If I was a personal friend of @Slagface I'd be checking my black suit still fitted me about now :lol:


----------



## superpube (Feb 18, 2015)

Varg said:


> Did you not read his post? He's not going to take care of himself - it won't be a good hol if he's not rushed off in an ambulance at some point.
> 
> If I was a personal friend of @Slagface he'd be hanging out of my missus about now :lol:


----------



## Goranchero (Mar 26, 2015)

Why not just pack it in a vitamin C powder box and put it in your checked-in luggage?


----------



## Slagface (Dec 10, 2016)

Goranchero said:


> Why not just pack it in a vitamin C powder box and put it in your checked-in luggage?


 a box with a little wrap of powder in it going through the scans wouldn't that be the most baitest option? There's a whole line and section to walk along where everything is checked, much higher chance of being busted surely? Whereas unless they do a cavity search, I'm safe.


----------



## BLUE(UK) (Jan 9, 2008)

Slagface said:


> a box with a little wrap of powder in it going through the scans wouldn't that be the most baitest option? There's a whole line and section to walk along where everything is checked, much higher chance of being busted surely? Whereas unless they do a cavity search, I'm safe.


 But what if it drops outta yo' slack ass?


----------



## Slagface (Dec 10, 2016)

BLUE(UK) said:


> But what if it drops outta yo' slack ass?

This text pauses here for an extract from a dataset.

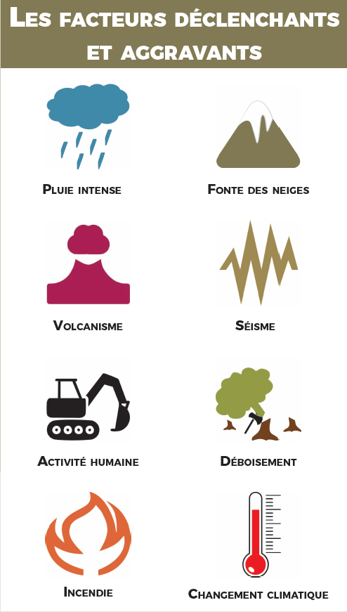 Les pluies (intensité et longue durée), les séismes, l’érosion des pieds de versants, le déboisement, la surcharge (remblaiement) à l’amont du versant, le déblaiement anthropique en aval des terrains inclinés…
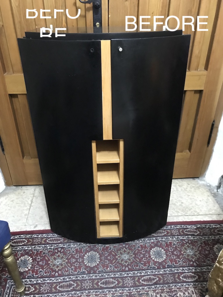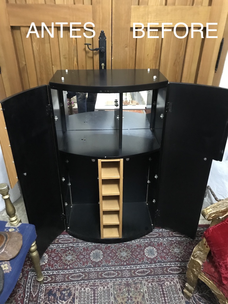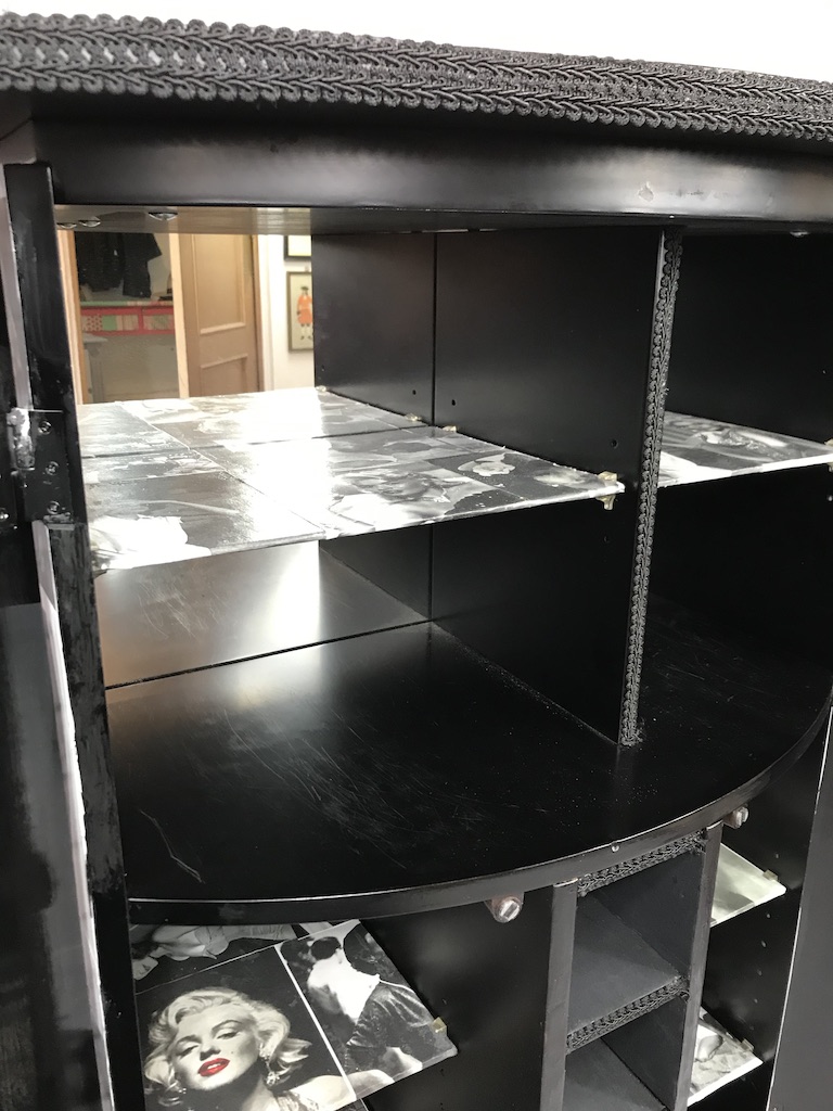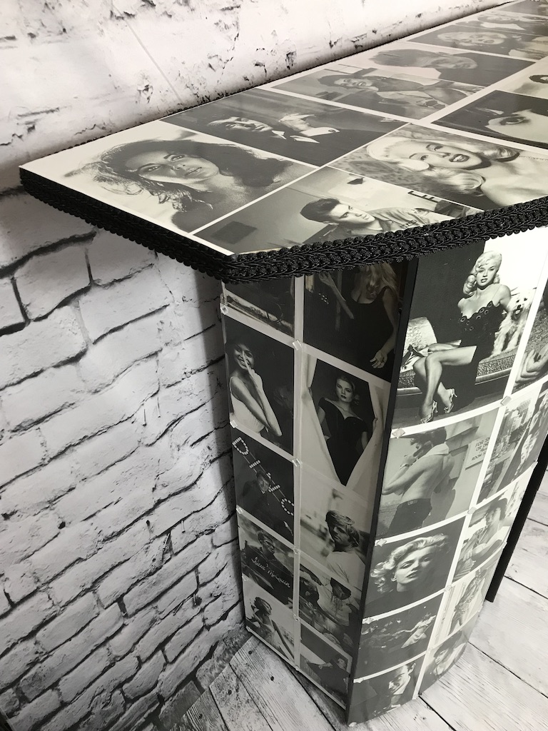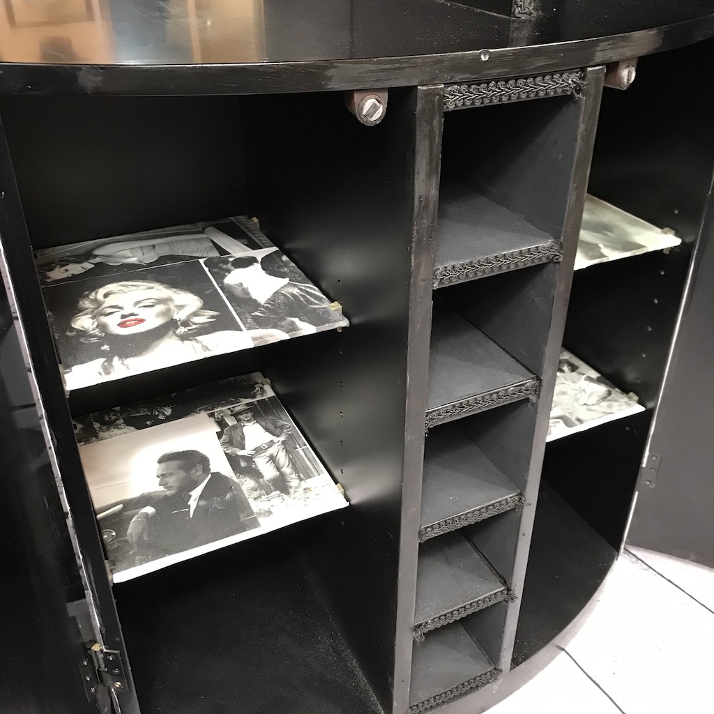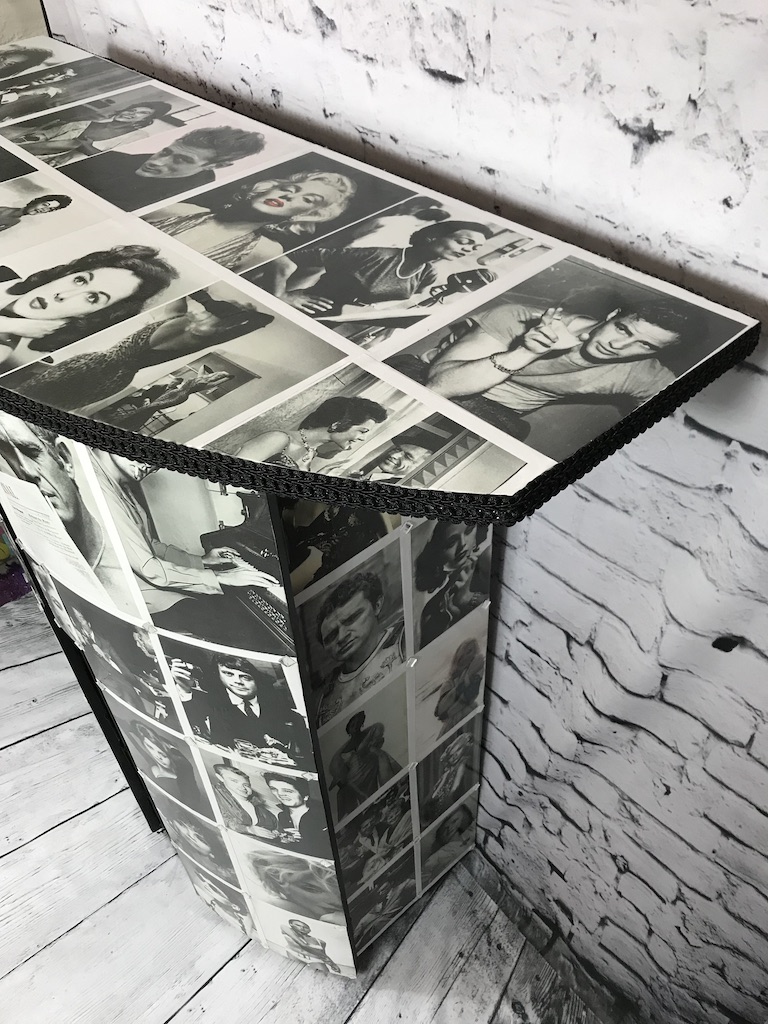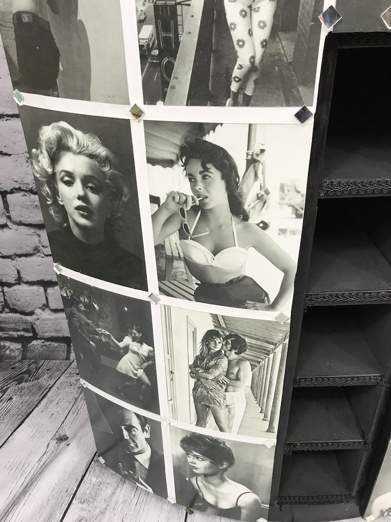 This free-standing cocktail bar has been turned from a plain black unit into a celebration of Hollywood film stars!

 Then ill pock ot up and pop it in my mouth and hope nobody notices


----------



## SickCurrent (Sep 19, 2005)

Just do it innit fam


----------



## Gavinmcl (Jul 1, 2010)

you will get through fine , if you're that bothered, make sure to wash hands and clean any thing down properly so there is no scent at all , going through airports with stuff is t as hard as people make out , its stupid but not hard


----------



## BLUE(UK) (Jan 9, 2008)

beanz said:


> The smart thing to do is to put it in someones hand luggage your going with and get it after your on the plane


 Surely it'd be better to get it when you're at the hotel.


----------



## superpube (Feb 18, 2015)

beanz said:


> The smart thing to do is to put it in someones hand luggage your going with and get it after your on the plane


 Let your mate risk arrest rather than yourself?


----------



## comfla (Feb 26, 2013)

Nominating this for post of the year


----------



## mlc2010 (Apr 2, 2012)

can you not have a good time without it?


----------



## G-man99 (Jul 15, 2008)

Gavinmcl said:


> you will get through fine , if you're that bothered, make sure to wash hands and clean any thing down properly so there is no scent at all , going through airports with stuff is t as hard as people make out , its stupid but not hard


 Nearly every lads holiday I've been on, then someone has plugged. Know loads of people who also do it every time with zero issues. Really is simple


----------



## Slagface (Dec 10, 2016)

mlc2010 said:


> can you not have a good time without it?





mlc2010 said:


> can you not have a good time without it?





mlc2010 said:


> can you not have a good time without it?


 There's a good time and there's a tekkers good time.


----------



## Jonk891 (Dec 17, 2016)

If you get caught which is unlikely just say you never knew it was in your a** and it aint yours lol


----------



## Goranchero (Mar 26, 2015)

Slagface said:


> a box with a little wrap of powder in it going through the scans wouldn't that be the most baitest option? There's a whole line and section to walk along where everything is checked, much higher chance of being busted surely? Whereas unless they do a cavity search, I'm safe.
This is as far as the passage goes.